Ich hab da ein Problem mit einer Seite die ich grad machen will.
Und zwar gehts um die Scrollbalken der einzelnen Frames.

Gleich vorweg mal die Site zum anschaun des Problemes:
http://ncg66.phoebe.netclusive.de/designsite/

Das Problem ist, das in jedem Frame, in dem viel steht (wie im Linken in der Demo oben) ein Scrollbalken kommt.

Ich hätte aber gerne einen Scrollbalken, ganz rechts mit dem ich alle 3 Frames gleichzeitig scrollen kann !

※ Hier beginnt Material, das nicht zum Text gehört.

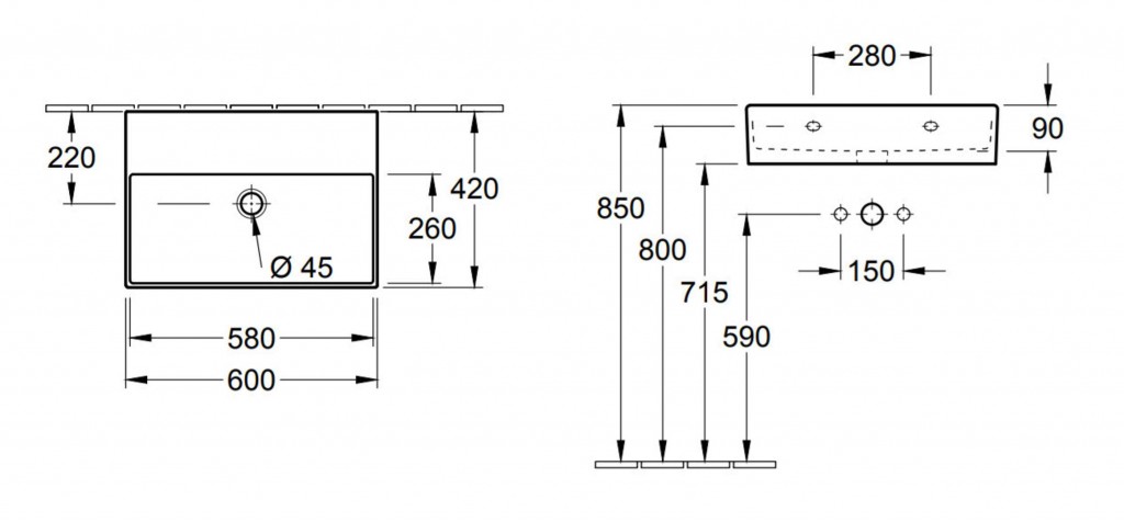 obdĺžnikové umývadlo
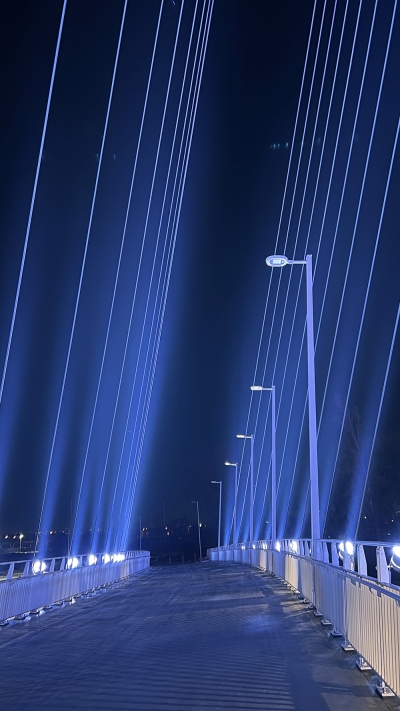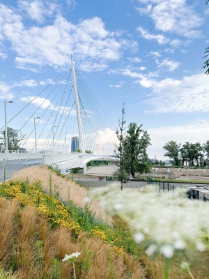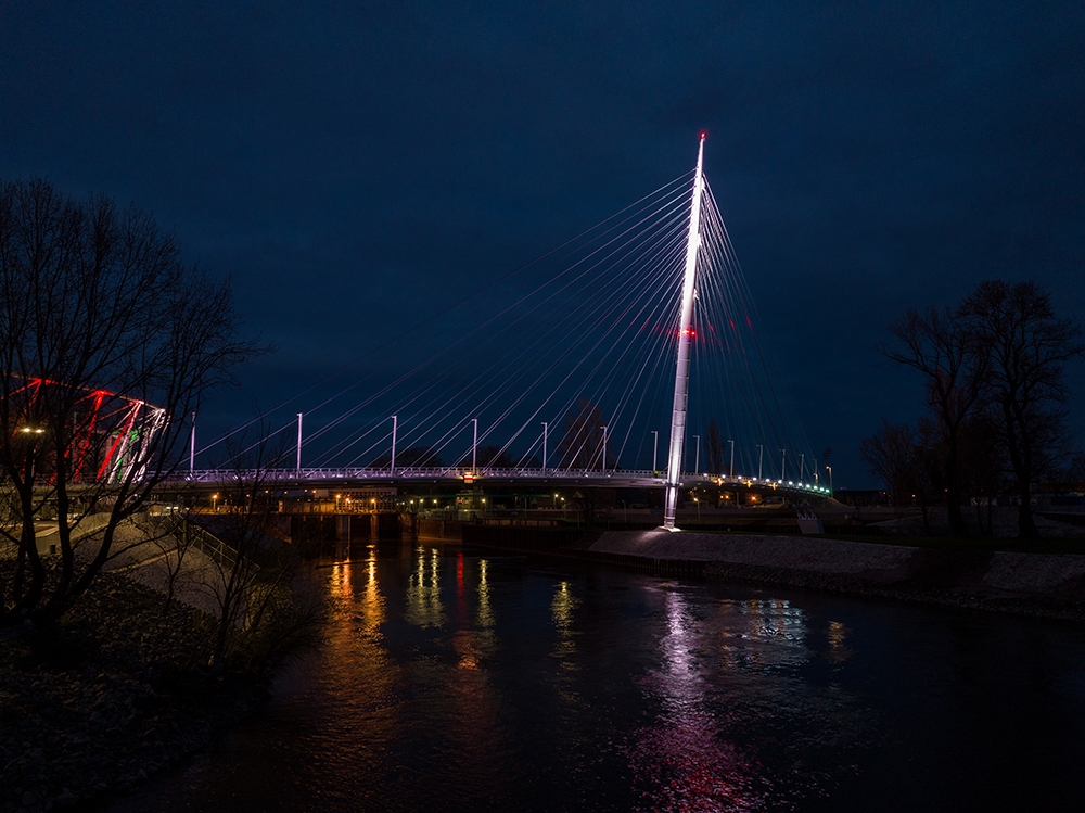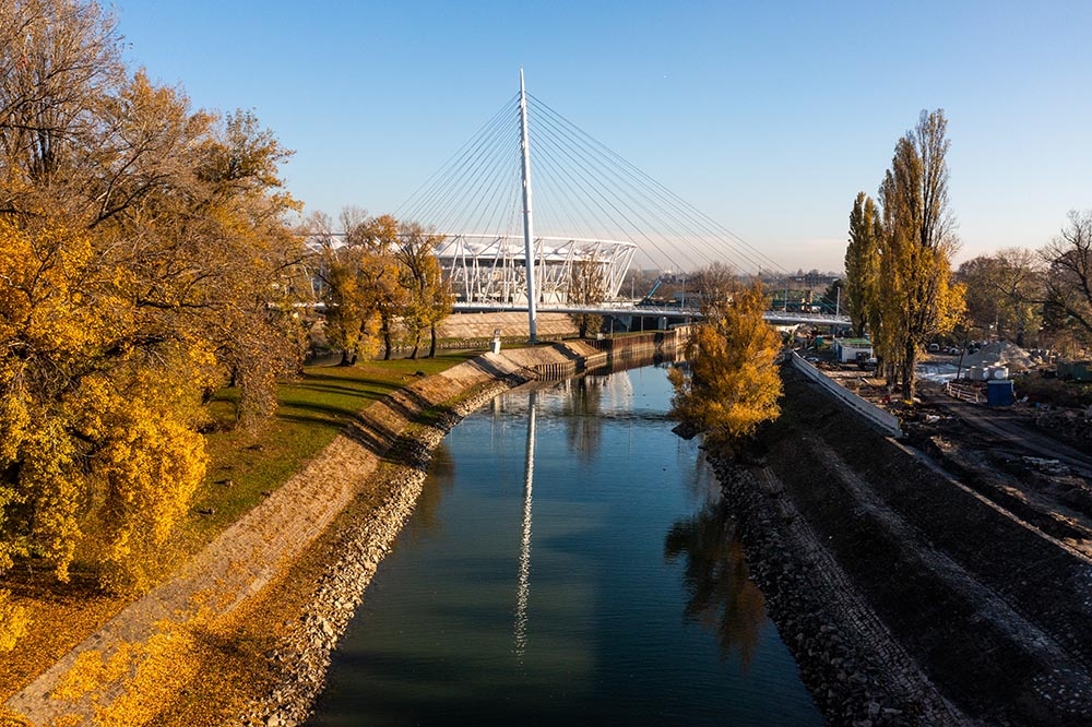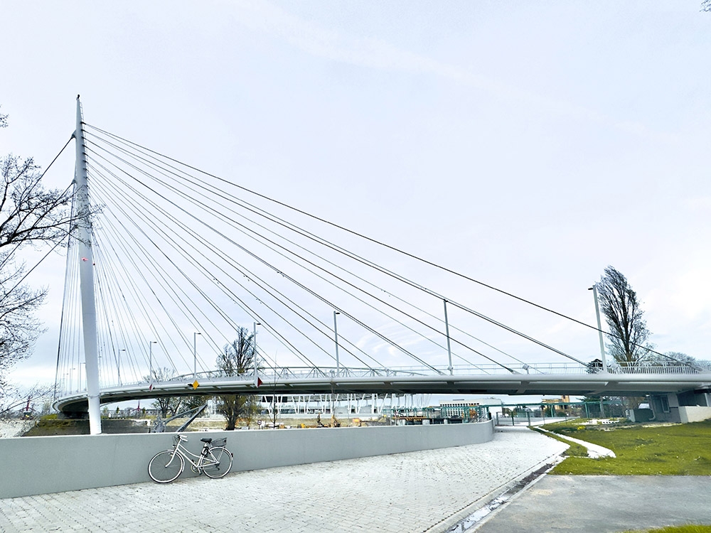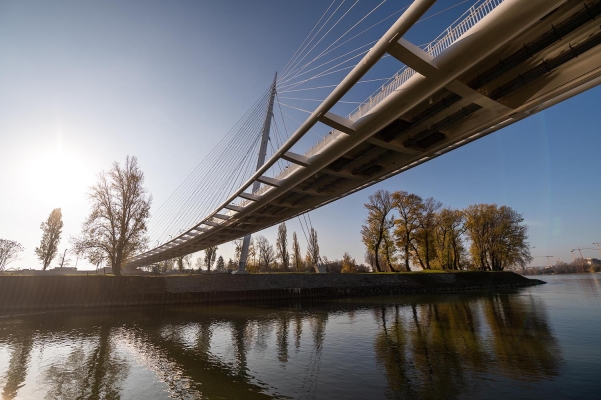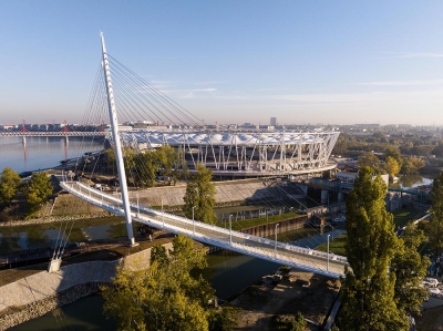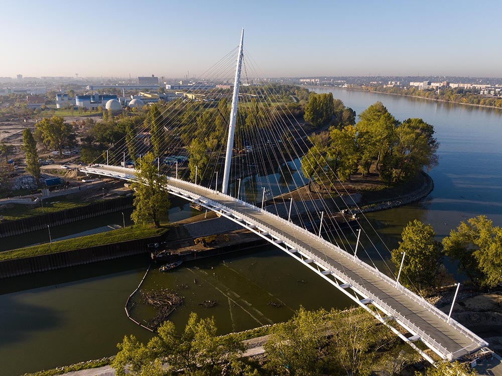 Its radiates lightness – a needle-like pylon, a transparent network of 53 cables suspending the slender bridge deck without any intermediate support. By following the bend of the river, this new element of the capital’s skyline aims to highlight the Danube waterfront. The bridge is also in strong architectural synergy with the neighboring Athletics Stadium.

Der Quelltext des Framesets:

<frameset rows="*" cols="*,368" framespacing="0" frameborder="NO" border="0">
  <frameset rows="*" cols="239,384">
    <frame src="links.htm" name="left_frame" scrolling="AUTO">
    <frame src="main.htm" name="middle_frame" scrolling="AUTO">
  </frameset>
  <frame src="xtras.htm" name="right_frame" scrolling="AUTO" noresize>
</frameset>

Das ich die Balken mit scrolling="YES/NO/AUTO" ein und ausschalten kann weis ich, hilft mir in der derzeitigen Situation nichts *g*

Ich hoffe es kann mir wer helfen, oder hat ne Lösung/Idee wies gehn könnte !
...am liebsten wäre mir natürlich was einfaches, wo ich die Seite so lassen kann, und nicht neu machen muss mit Php, oder was weis ich was *gg*

Mfg, Christian Lehner (sceada)


----------



## supercat1510 (21. Februar 2004)

Das einzige was mir dazu einfällt ist, steig auf IFrames um


----------



## Florianrau (21. Februar 2004)

Da stimme ich meinem vorgänger zu probiers mit iframes

mfg flo


----------



## sceada (21. Februar 2004)

Ok, werd ich machen !

Dankeschön !


Mfg, Christian lehner


----------